Keep the lines exact and the pictures out as you repeat the following listing.
Start of Data
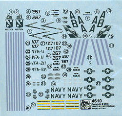Markings are for two standard line birds, a nice change from the fancy CAG planes. There are two sets of markings. One for VFA-213 and the other for VFA-11 as shown on the box art. Decals are well printed and if up to Dragon's normal standards, will work well with most setting solutions. In case you are wondering, the grey stripes are for the trailing edges of the wings and rudders.
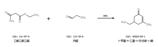1.通过乙酰乙酸乙酯和丙醛合成3-甲基-5-乙基-2-环戊烯-1-酮,收率约86%;
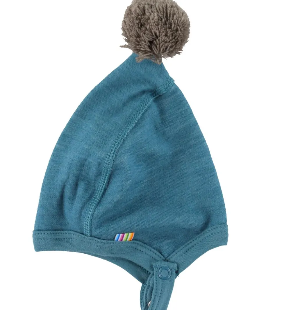 Fed Joha babyhjelm i blå, med en brun pompon i toppen.
End of Data
### [Exercise response]
Markings are for two standard line birds, a nice change from the fancy CAG planes. There are two sets of markings. One for VFA-213 and the other for VFA-11 as shown on the box art. Decals are well printed and if up to Dragon's normal standards, will work well with most setting solutions. In case you are wondering, the grey stripes are for the trailing edges of the wings and rudders.
1.通过乙酰乙酸乙酯和丙醛合成3-甲基-5-乙基-2-环戊烯-1-酮,收率约86%;
 Fed Joha babyhjelm i blå, med en brun pompon i toppen.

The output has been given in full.